Zack Semke explains why he’s passionate about facilitating the communication and flow of information around Passive House.
Interview with Zack Semke
Zack is based in Seattle, where he works in marketing consulting services for the high-performance building industry. He is also a director of Passive House Accelerator: a website that brings together different sources of information to educate, inform, and promote the work that is being done by the Passive House community.
The construction industry has lacked innovation
Compared to other industries, construction has been famously lacking in innovation, but Zack says that Passive House is changing that. By using physics to understand how to design and construct buildings better, Passive House is re-thinking the basics of the skeleton and skin to improve performance.

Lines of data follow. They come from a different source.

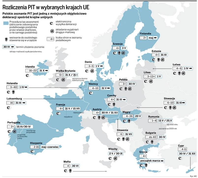 Polski system podatkowy jest skomplikowany i nieprzyjazny dla podatników, a zeznania podatkowe są zbyt obszerne. To powszechne opinie osób rozliczających się z fiskusem. Tymczasem fakty zdają się przeczyć tym opiniom. Po przeprowadzeniu analizy wspólnie z ekspertami PricewaterhouseCoopers okazało się, że wcale nie wypadamy tak źle na tle innych państw. Biorąc pod uwagę tylko obszerność rocznych zeznań podatkowych, najpopularniejszy u nas PIT-37 składa się tylko z trzech stron. Średnia w UE to 4–6 stron. Są też rekordziści. Przykładowo w Bułgarii roczne zeznanie wraz z załącznikami liczy 40 stron, w Hiszpanii od 2 do 16, w Holandii od 3 do 40, na Węgrzech od 4 do 36. Eksperci zwracają równocześnie uwagę, że część krajów UE zmierza w kierunku zupełnego zniesienia obowiązku składania zeznań rocznych, a nie tylko ich uproszczenia. Przykładowo w Słowenii podatnik jest zobowiązany do złożenia zeznania tylko w przypadku, gdy otrzyma od władz skarbowych kalkulację swojego zobowiązania przygotowaną na podstawie danych o dochodach zebranych przez urząd w trakcie roku. Podobna procedura obowiązuje w Wielkiej Brytanii.
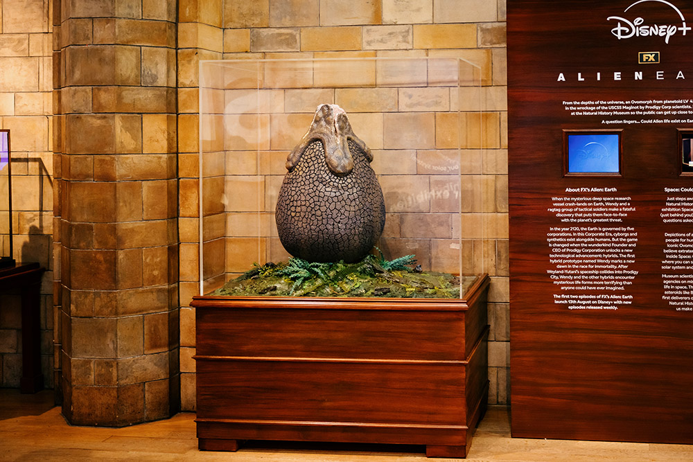 From August 9th, the streaming platform will host a two-week exclusive installation at London’s Natural History Museum, giving visitors a rare chance to see an iconic specimen from the world of ‘Alien’ up close. Visitors to London’s Natural History Museum can get up close to the Xenomorph egg from FX’s highly anticipated upcoming series, ‘Alien: Earth.’ The display is situated opposite the entrance to the Museum’s blockbuster exhibition, Space: Could Life Exist Beyond Earth? where visitors can touch real pieces of the solar system. Visitors and fans alike can bear witness to the first stage in the life cycle of the Xenomorph in this special display.
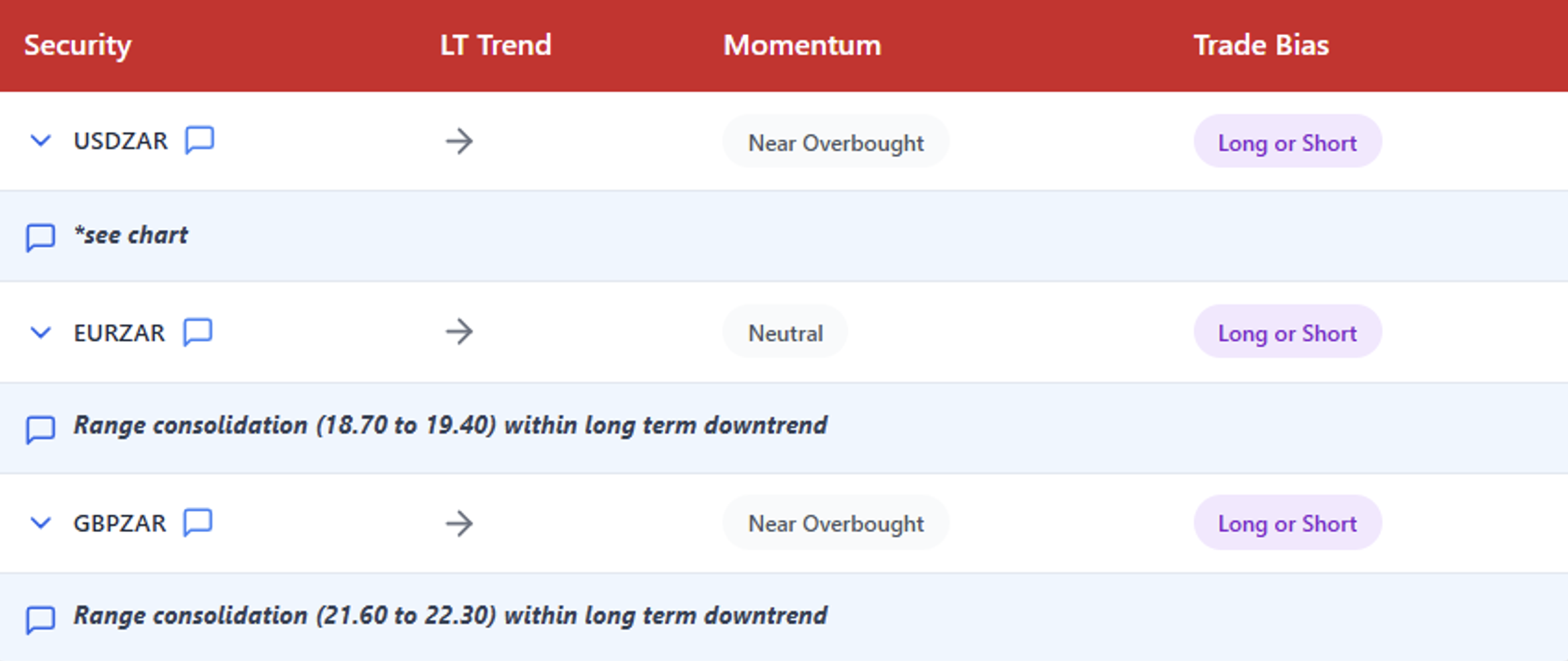 The upside breakout scenario for the USD/ZAR manifested since our last note, with the price closing above the 16.42 level. The move higher fell just short of the 17.00 resistance target.
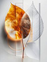"Autumn - Transience and Light" vertelt over de stille poëzie van verandering. Twee bladeren belichamen de dualiteit van het leven: het heldere herfstoranje staat voor vitaliteit, terwijl het transparante blad vergankelijkheid en zachte overgang symboliseert. Geometrische vormen en lijnen geven de voorstelling een moderne, hedendaagse esthetiek. Het werk combineert warmte en helderheid, emotie en structuur - ideaal voor iedereen die op zoek is naar een kunstwerk met diepte, elegantie en een meditatief effect in hun omgeving.
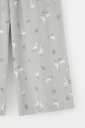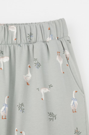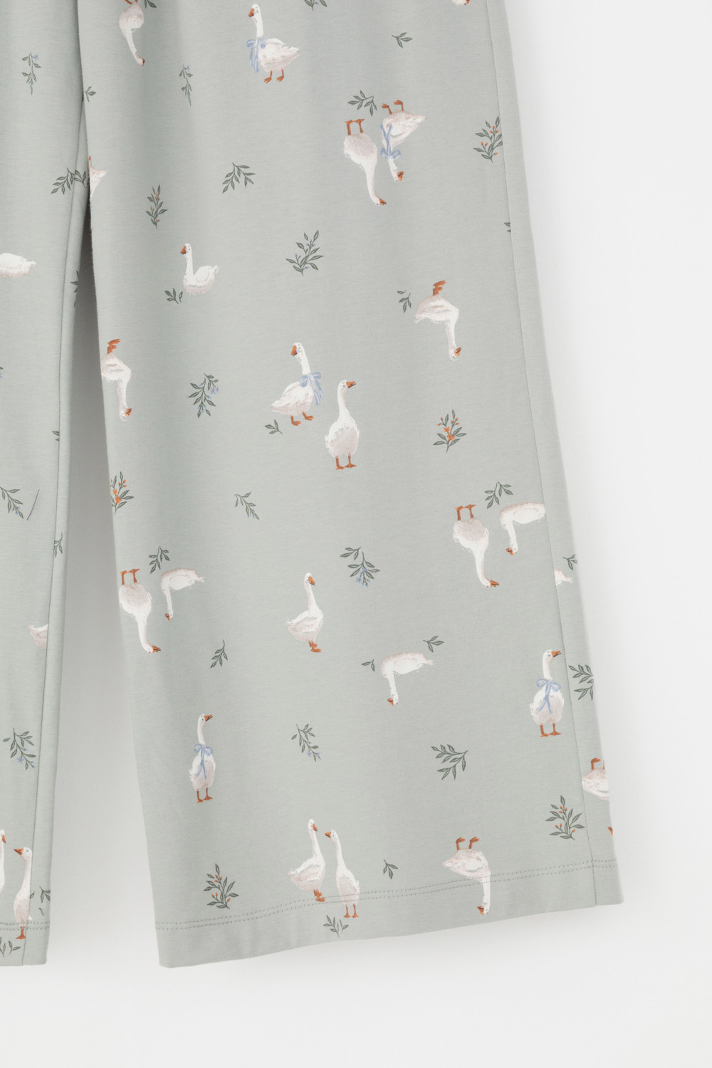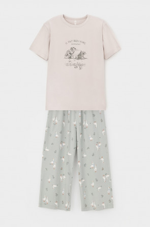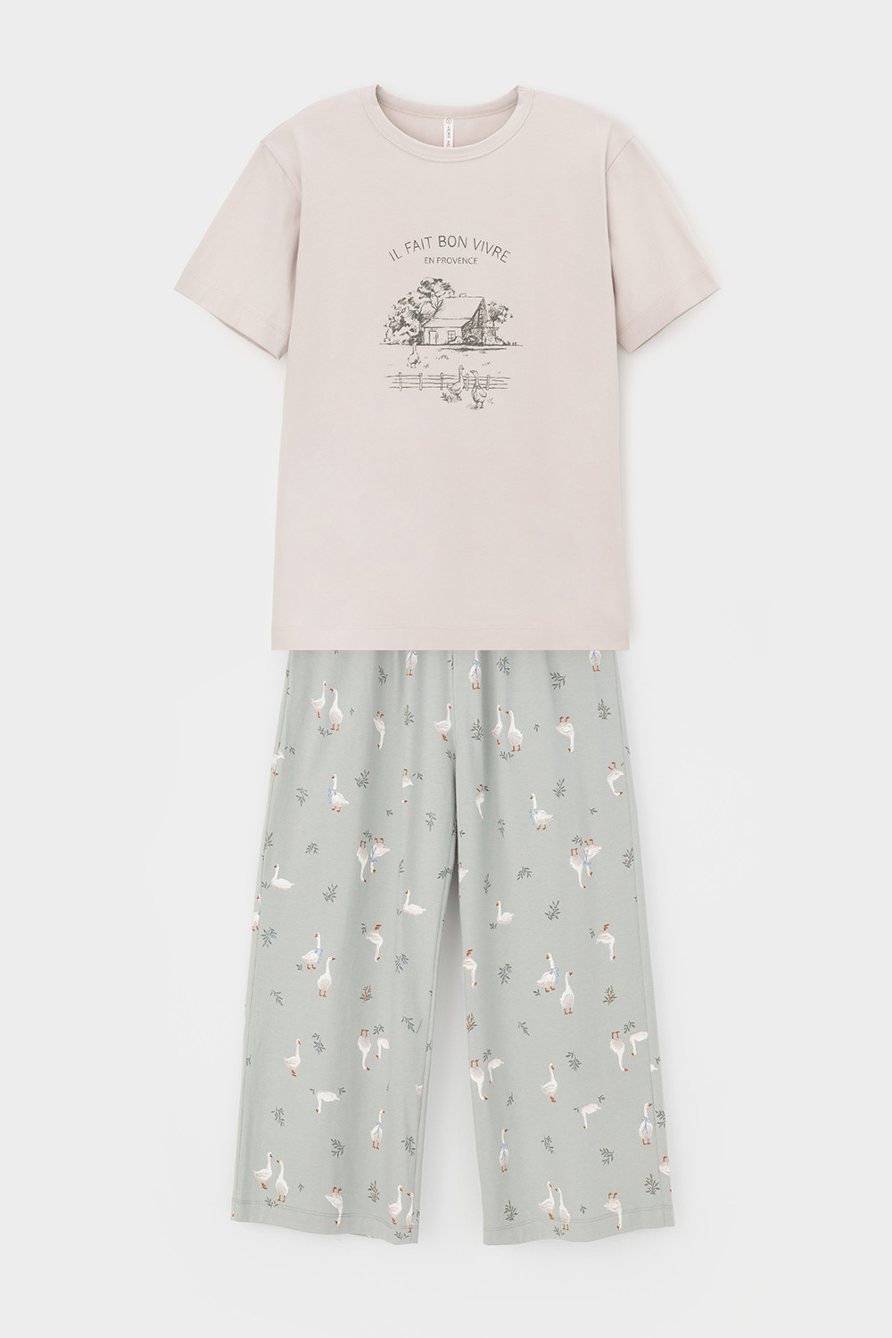 Комплект для сна и отдыха из натурального хлопка с добавлением лайкры. Футболка стандартной длины комфортно садится по фигуре. Укороченные просторные брюки с карманами из набивного трикотажа с мягким поясом на резинке.
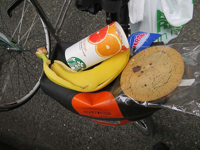 スターバックスコーヒーエイドステーションでオレンジジュース、バナナ、クッキーが提供されました。いつもながら写真撮り忘れてバナナ食べた後(^^;
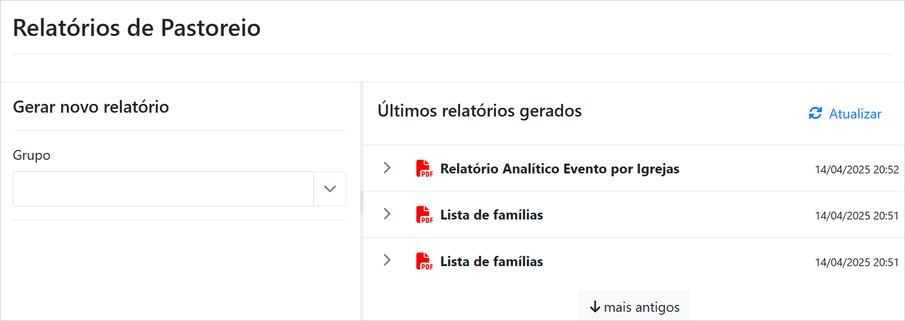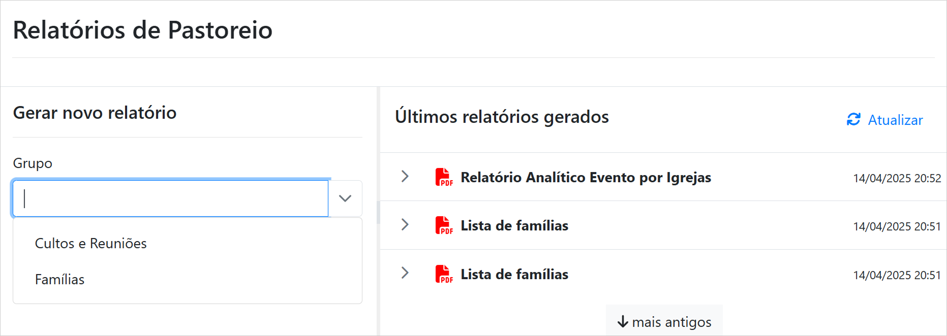 Página com relatórios de acompanhamento pastoral, como famílias, cultos, visitantes, entre outros.
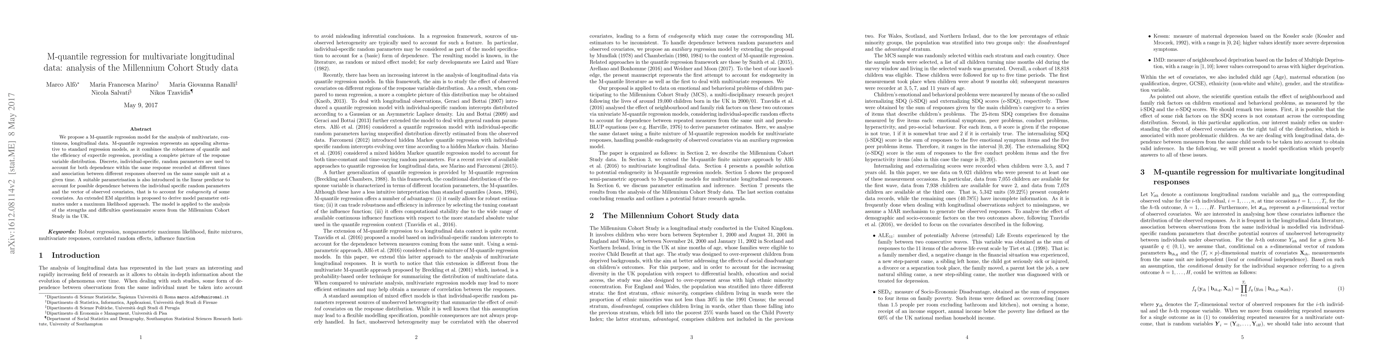 This paper proposes an M-quantile regression model for analyzing multivariate longitudinal data, offering a robust alternative to standard regression by combining quantile and expectile regression benefits. The model is applied to Millennium Cohort Study data to assess questionnaire scores, addressing endogeneity and dependencies within and between responses.
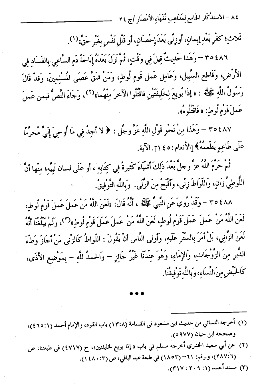 35488 - وَقَدْ رُوِيَ عَنِ النَّبِيِّ صَلَّى اللَّهُ عَلَيْهِ وَسَلَّمَ، أَنَّهُ قَالَ: "لَعَنَ اللَّهُ مَنْ عَمِلَ عَمَلَ قَوْمِ لُوطٍ، لَعَنَ اللَّهُ مَنْ عَمِلَ عَمَلَ قَوْمِ لُوطٍ، لَعَنَ اللَّهُ مَنْ عَمِلَ عَمَلَ قَوْمِ لُوطٍ "، وَلَمْ يَبْلُغْنَا أَنَّهُ لَعَنَ الزَّانِيَ، بَلْ أَمَرَ بِالسَّتْرِ عَلَيْهِ، وَأَوْلَى النَّاسِ أَنْ يَقُولَ: اللِّوَاطُ كَالزِّنَا مَنْ أَجَازَ وَطْءَ الدُّبُرِ مِنَ الزَّوْجَاتِ، وَالْإِمَاءِ، وَهُوَ عِنْدُنَا غَيْرُ جَائِزٍ - وَالْحَمْدُ لِلَّهِ - بِمَوْضِعِ الْأَذَى، كَالْحَيْضِ مِنَ النِّسَاءِ، وَبِاللَّهِ تَوْفِيقُنَا.
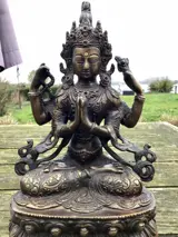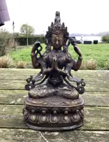 Deze vierarmige Boeddha van brons is afkomstig uit Tibet/Nepal.
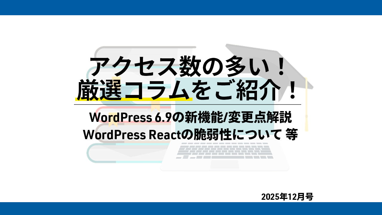 WordPress 6.9の新機能/変更点解説・WordPress Reactの脆弱性について 等 アクセス数の多い人気コラムをご紹介!【プライム・ストラテジー】
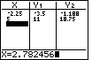 | Again, moving the cursor to the right to look at the value in the third column, the table shows 1.4921 whereas the bottom of the display gives the computed value as 1.49206139194. |
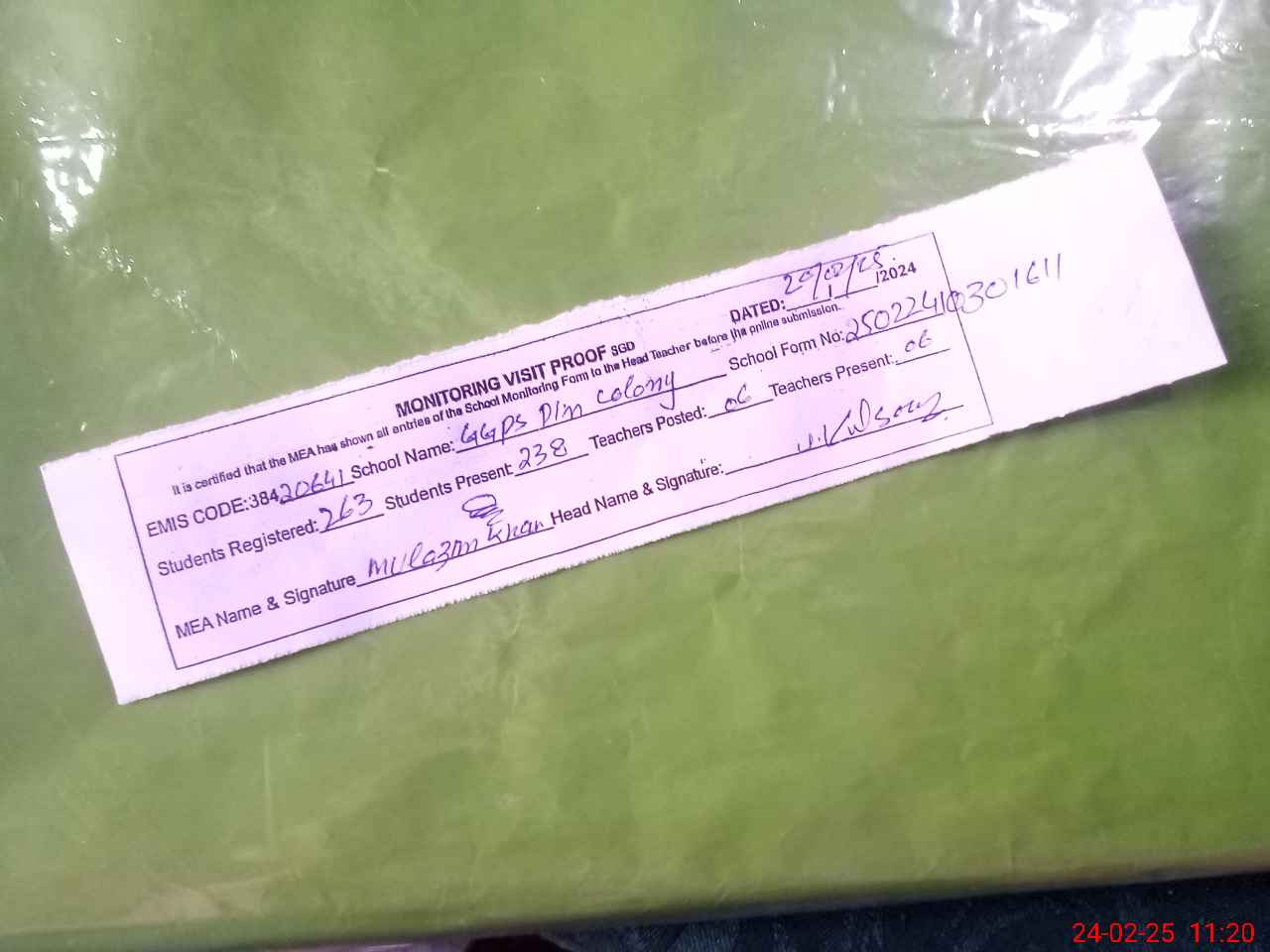 | Attendance Register | Head Teacher | MEA with School | Visit Proof |

The learning from new technologies will drive down costs
Zack uses the example of solar energy to show how there has been a massive drop in the cost in recent years.
He attributes this to Wright’s Law and the learning curve effect, which applies to all technologies. It says that for every doubling of units produced, there will be incremental reductions in the costs. This is brought about by the additional learning and micro-innovations that happen across the supply chain. In the case of solar energy, Zack says it looks as though every doubling of solar panels across the world brings about a fall in prices of 30%.
The same principles can be applied to Passive House buildings, so that costs can be driven down to more of a cost parity with conventional construction.
There has also been progress in the components supply chain over recent years, with triple glazed windows for example coming down in price.
And once costs become on a par, it becomes a no-brainer to build Passive House, with all the lower energy and health benefits too.
“That’s why I’m so passionate about facilitating communication and flow of information between practitioners, policymakers, marketers and whoever it is, because we want to accelerate this process as much as we can so that when a project happens in the UK and there are lessons learned from that project, we can see that learning being applied in Seattle for example.”
We know what we’re getting with Passive House!
Zack credits the focus on physics as providing such an important contribution to the sustainability movement. The development of tools like PHPP, which are not too complex or too simplistic to use, mean that there won’t be the performance gap that can be found with other green building standards.
There will be a wave of uptake
Zack is encouraged by the explosion of Passive House that is happening across parts of North America, particularly in Vancouver where enlightened public policy is incentivising Passive House and net zero construction, and New York City where carbon emission restrictions on existing buildings are being imposed, paving the way for huge numbers of deep energy retrofits.
And whereas the Living Building Challenge has been incentivised, it was designed to be exactly what it says – a challenge. Zack says that it doesn’t factor in scalability and is seen as the moon-shot of green building. Passive House on the other hand is set up to be cost optimised.
“As cities become actually serious about delivering on climate goals, they’ll recognise that there is no other green building standard or approach that rivals Passive House on reducing operational carbon emissions.”
He gives the example of affordable multi-family buildings in Pennsylvania. The body that oversees the funding, the Pennsylvania Housing Finance Agency, has prioritised Passive House in their scoring for projects that are looking for funding. It doesn’t cost the state anything to add that as a priority, and the result is that developers know if they include Passive House in their schemes they will be at greater chance of securing funding against competitors. This has seen a wave of Passive House construction of affordable housing in the state.
Embodied carbon is a challenge we have to address
“Operational carbon is the first thing that we need to tackle in my view, but just like so many things in the climate action space, it’s not an either/or conversation.”
Zack credits the Living Building Challenge for the new zero carbon certification, which is one of the first to consider how to reduce and offset embodied carbon.
He says the Passive House community is embracing embodied carbon as a challenge, and the Passivhaus Institute is dedicating resources to its research and thinking about tools for how it could be addressed. He would be keen to see them including energy-related embodied carbon calculations and looking at the implications of those decisions.